§ WORK REQUIRED
Print exactly the lines from the one containing "同時,TOTAL2的日線圖顯" through the last line of the records below, both included, and nothing else; omit any pictures.
*** Opening of SUPPLIED DATA ***
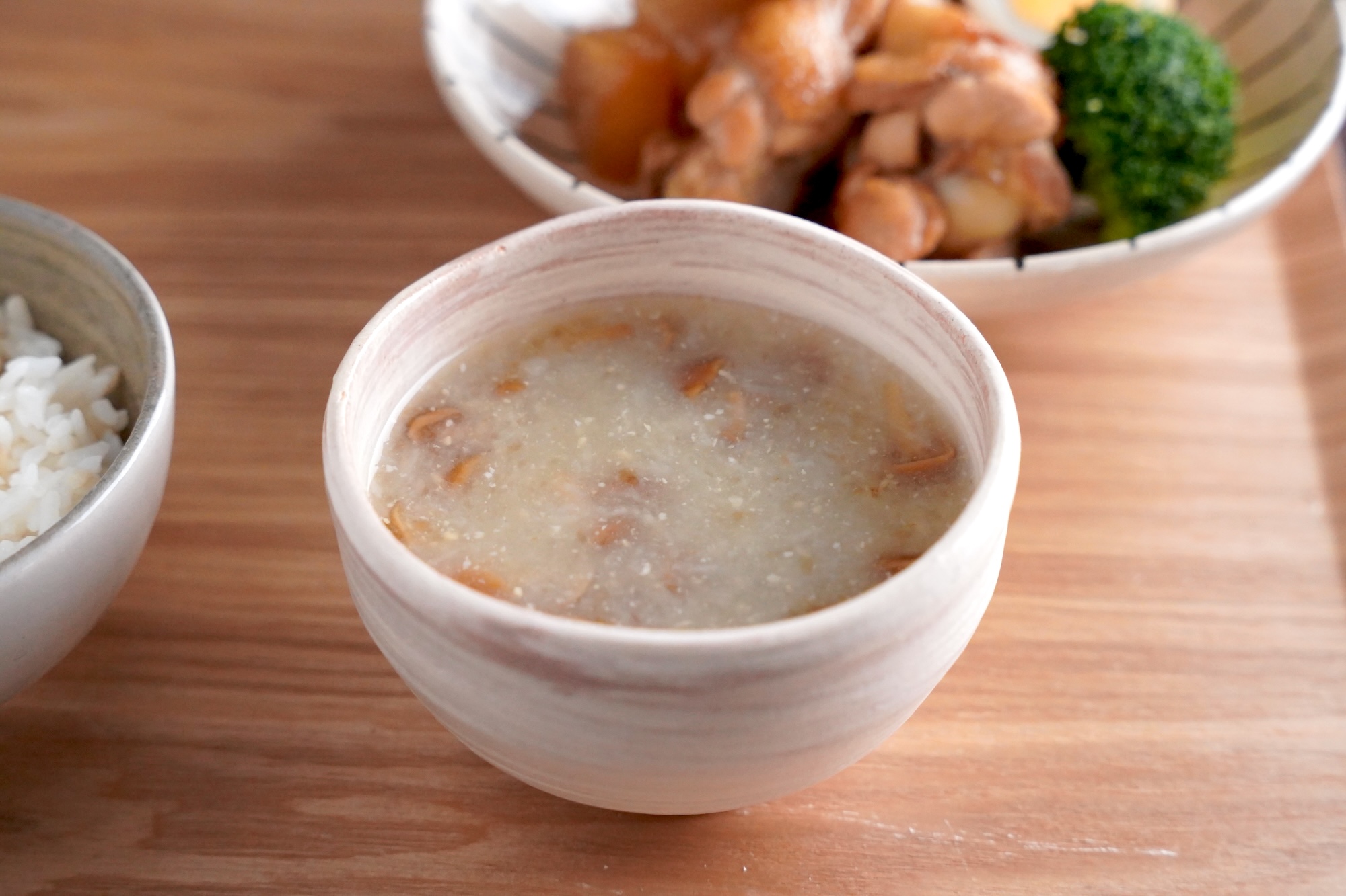 汁物 長芋のなめこ汁|とろみで冷めにくい
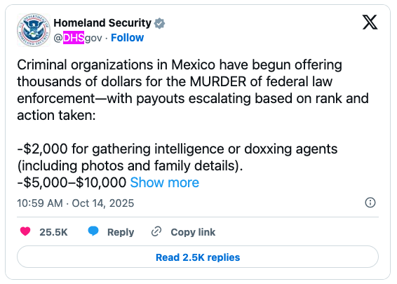 $5,000–$10,000 for kidnapping or non-lethal assaults on standard ICE/CBP [Customs and Border Protection] officers.
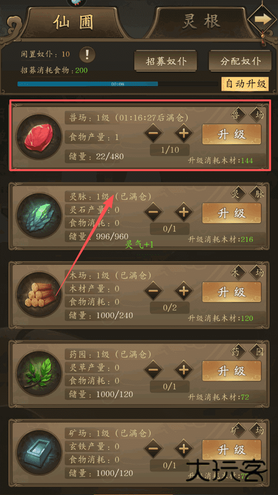 1、进入游戏后,你可以先点击“仙圃”模块,在这里管理兽场等资源建筑以完成任务。
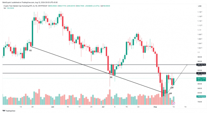 同時,TOTAL2的日線圖顯示出試圖突破下降結(jié)構(gòu)的跡象。從5月到8月初,山寨幣總市值形成了一系列較低的低點,但目前已出現(xiàn)較低的高點,這可能預(yù)示著強勁上升趨勢的形成。
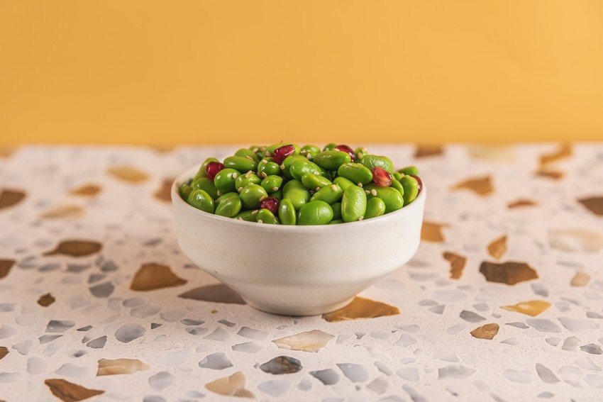 Mahi-mahi, edamame, gingembre mariné, salade de choux japonaise, concombre, cebettes, sésame, sauce soja Heiko
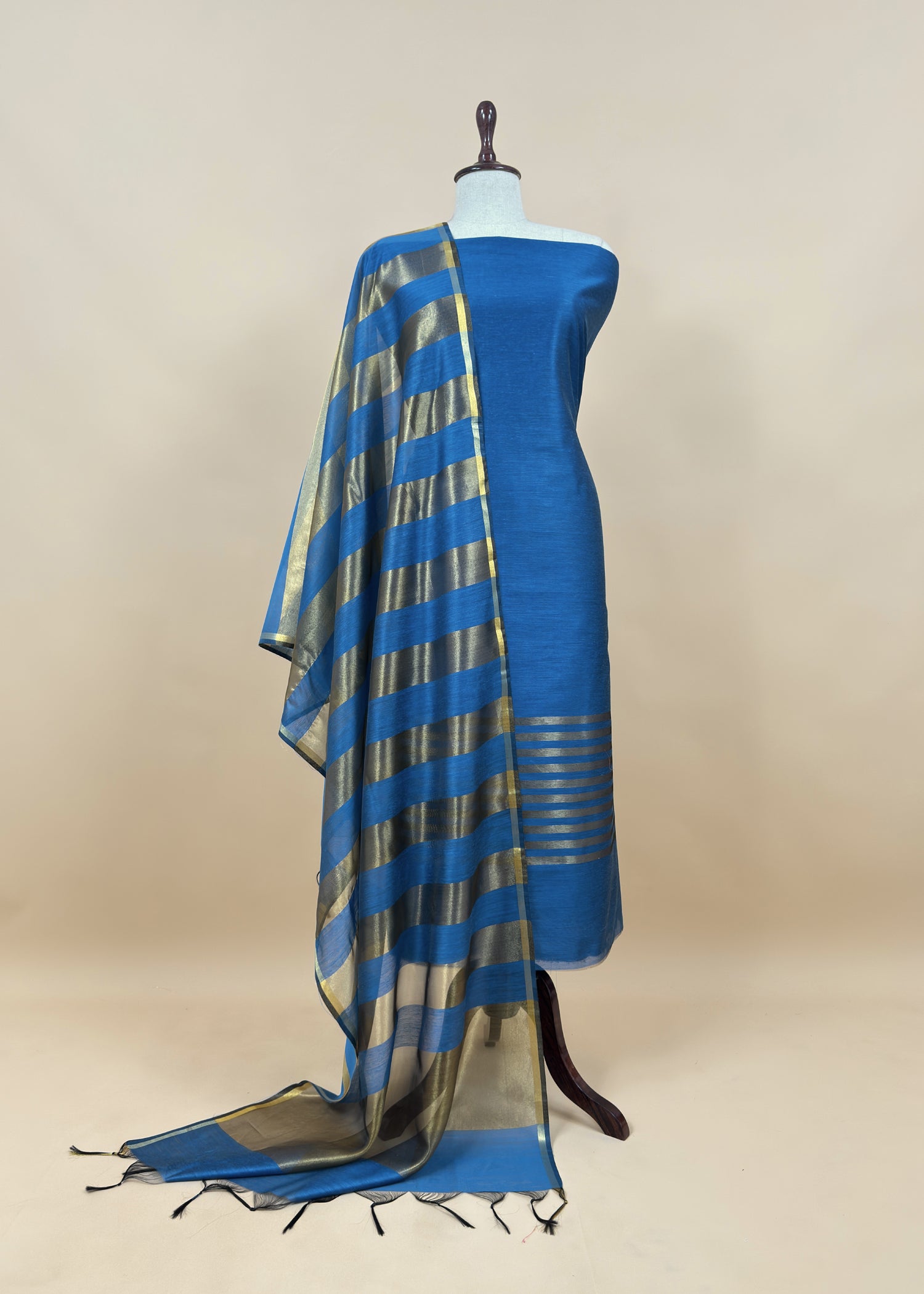 Shop gorgeous Banarasi chanderi is embraced with fine gold zari weaving on the ghera of kurta with panel dupatta adorned with elegant Banarasi Zari work . The unstitched three piece suit fabric comes with matching cotton silk lowers.
*** Close of SUPPLIED DATA ***
§ WRITTEN RESPONSE
 同時,TOTAL2的日線圖顯示出試圖突破下降結(jié)構(gòu)的跡象。從5月到8月初,山寨幣總市值形成了一系列較低的低點,但目前已出現(xiàn)較低的高點,這可能預(yù)示著強勁上升趨勢的形成。
 Mahi-mahi, edamame, gingembre mariné, salade de choux japonaise, concombre, cebettes, sésame, sauce soja Heiko
 Shop gorgeous Banarasi chanderi is embraced with fine gold zari weaving on the ghera of kurta with panel dupatta adorned with elegant Banarasi Zari work . The unstitched three piece suit fabric comes with matching cotton silk lowers.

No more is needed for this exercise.